Let $T$ be the usual maximal torus of $G = \textrm{GL}_n$. The center $Z_G$ of $\textrm{GL}_n$ is connected, so if we look at the exact sequence
$$1 \rightarrow Z_G \rightarrow T \rightarrow T/Z_G \rightarrow 1 ,$$
the corresponding exact sequence of abelian groups
$$0 \rightarrow X(T/Z_G) \rightarrow X(T) \rightarrow X(Z_G) \rightarrow 0$$
splits, because $X(Z_G) \cong \mathbb{Z}$ is free. The equivalence of categories between tori and finitely generated free abelian groups tells us that our original exact sequence splits as well.

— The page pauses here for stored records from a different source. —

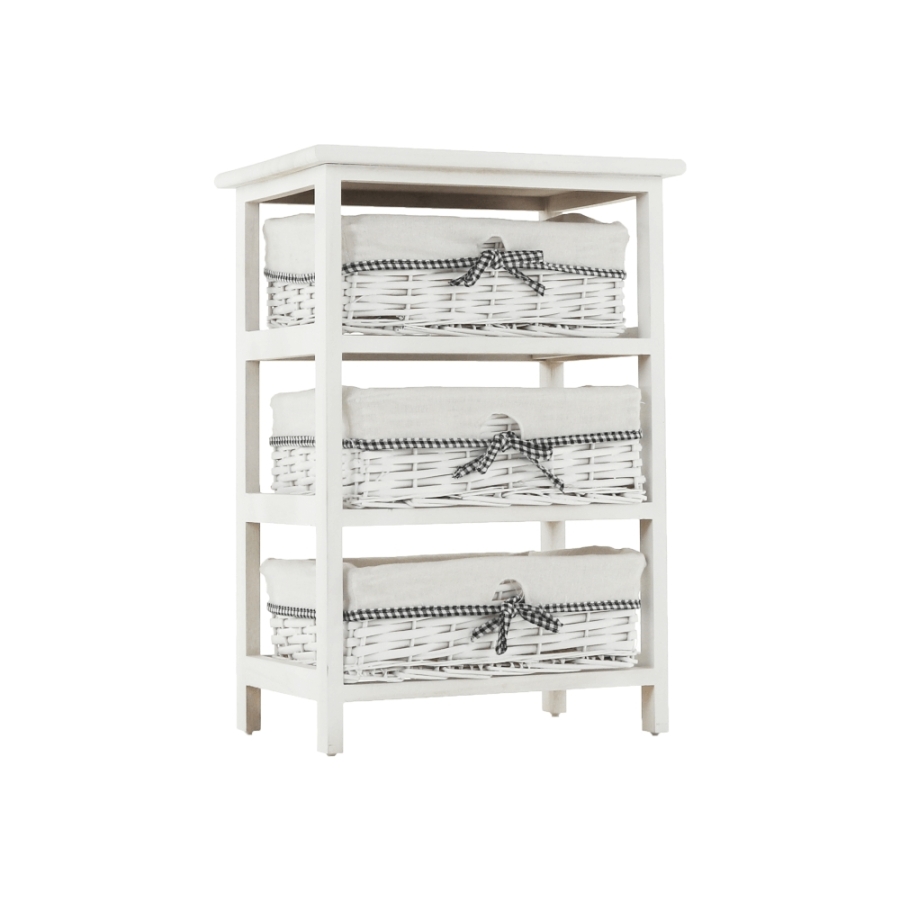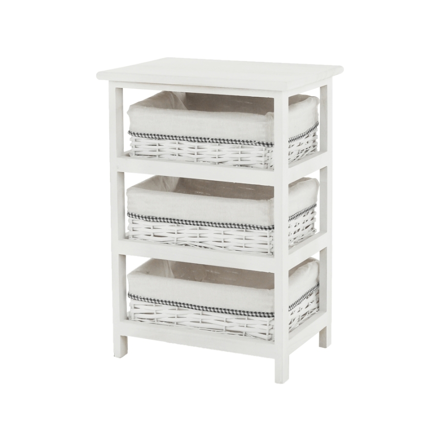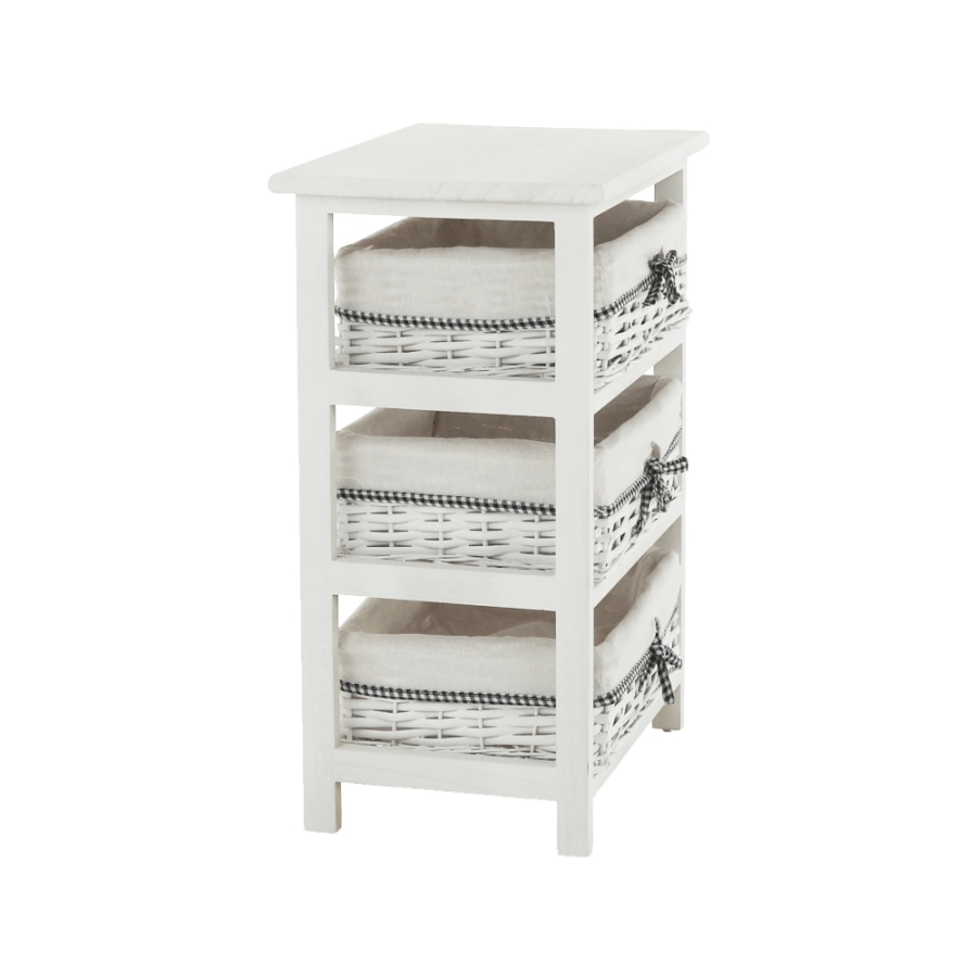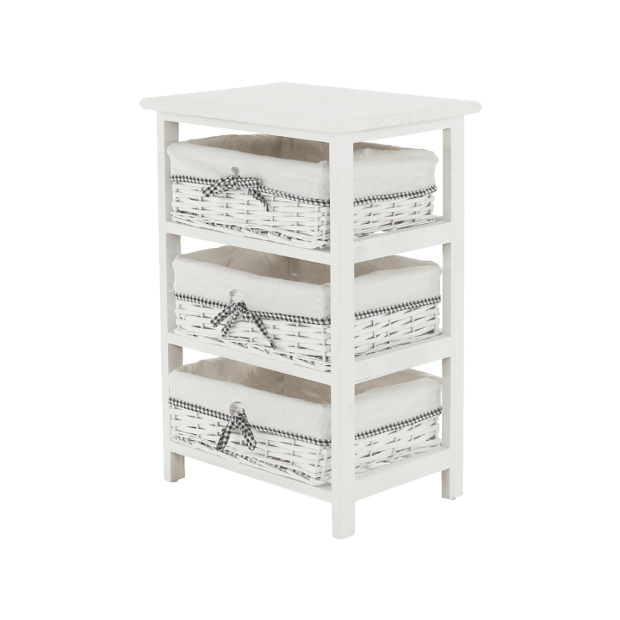 Komód stabil kerettel és 3 fonott kosárral Anyag: fa / vessző Méretek (SzéxMaxMé): 40x57x29 cm
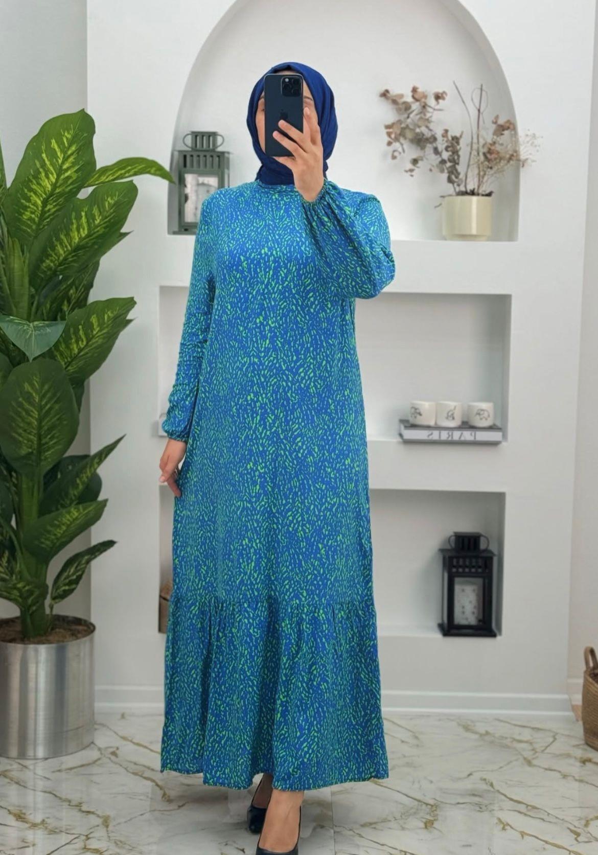1565 Yeni Sezon Viskon Pamuklu Kumaş Aslı Model Elbise Renk Mavi (C012-1565)
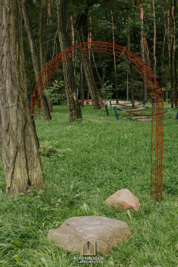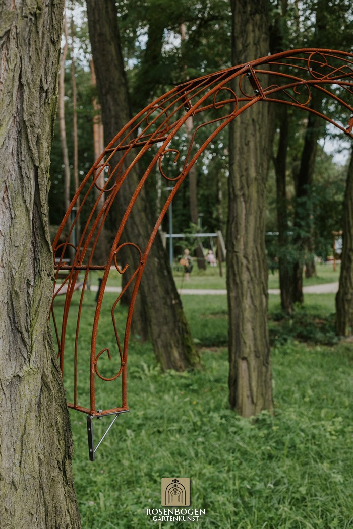 In this offer we would like to introduce you to the WandGarden arch LEA Round . The WandGarden arch differs from the StandardGarden arch in that one side of the arch can be successfully attached to a wall or tree. Its width ranges from 120 to 180 cm and its depth is 33 cm. It is made of 20x4 mm flat bars, 10 mm steel rod
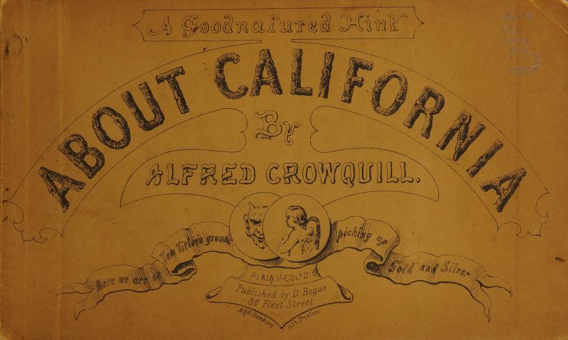 Alfred Crowquill was the pseudonym of British cartoonist Alfred Henry Forrester. In 1849 he capitalized on the gold mania by illustrating and publishing this little comic book. It tells the story of “Mivins,” a London clerk. “He reads of California! He dreams of California!” (and a rain of gold coins) and then leaves his mother and takes ship for the promised land.
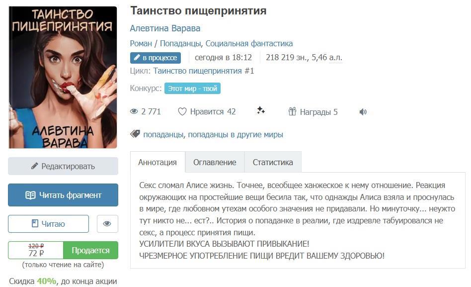 Автор: Алевтина ВараваМир, где потребление пищи - штука, интимная до неприличия. Где все носят закрывающие рты приспособления, а вкусовые добавки - строгое табу до 18 лет. Где сахар - легализованный наркотик, а алкоголь - запрещённый психотропный препарат с неприличным способом употребления. В такую реальность попала Алиса, которая только и хотела, чтобы её не подвергали осуждению за амурные дела. И да: в сексе в новом мире всё даже слишком разрешено. А всё потому, что в этом измерении много веков назад заправилы церкви сосредоточили своё внимание на чревоугодии, а не на блуде. Ведь именно вкушением запретного плода в райском саду Ева лишила людей Рая...

What I want to do is get a "nice" splitting, one which can be found by identifying $T$ with the almost direct product $(T_d \times Z_G)/K$, where $T_d$ is the usual maximal torus of $\textrm{SL}_n$, and $K = T_d \cap Z_G$ is the subgroup generated by $(\zeta_n I_n, \zeta_n I_n)$, where $\zeta_n$ generates the group of $n$th roots of unity. Here, we can use the second isomorphism theorem to identify $T/Z_G = T_d/ \langle \zeta_n I_n \rangle$.
So, what I want is to be able to discern a nice splitting from the exact sequence
$$1 \rightarrow Z_G \rightarrow (T_d \times Z_G)/K \rightarrow T_d/\langle \zeta_n I_n \rangle$$
This is because later, I want to replace $Z_G$ with a larger torus $\widehat{Z_G}$, and embed $\textrm{GL}_n$ into a larger reductive group $(G \times \widehat{Z_G})/K$ with center $\widehat{Z_G}$ and maximal torus $(T_d \times \widehat{Z_G})/K$, and do a similar procedure.
I have begun the special case $n = 4$:
Assume we are not in characteristic two. Every $t \in T_d$ can be written uniquely as $\textrm{diag}(t_1, t_2t_1^{-1}, t_3t_2^{-1}, t_3^{-1})$. Let $f_i : i = 1, 2, 3$ be the basis for $X(T_d)$ sending $t$ to $t_i$.
Let $N = \langle \zeta_4 I \rangle = \langle i I \rangle$. We can identify $X(T_d/N) = X(T/Z_G)$ with those elements of $X(T_d)$ whose kernel contains $iI$. So we see that $4f_1, 2f_2, 4f_3$ is a basis of $X(T_d/N)$.
Similarly, $X(T_d \times Z_G/K)$ consists of those characters of $X(T_d \times Z_G) = X(T_d) \oplus X(Z_G)$ whose kernel contains $(iI,iI)$. Let $f$ be the usual generator of $X(Z_G)$. Then for $\chi = c_1f_1 + c_2f_2 + c_3 f_3 + cf$ in $X(T_d \times Z_G/K)$, we have
$$1 = \chi(iI,iI) = i^{c_1 + 2c_2 + 3c_3 + c}$$
and so $c_1 + 2c_2 + 3c_3 + c \equiv 0 \pmod{4}$.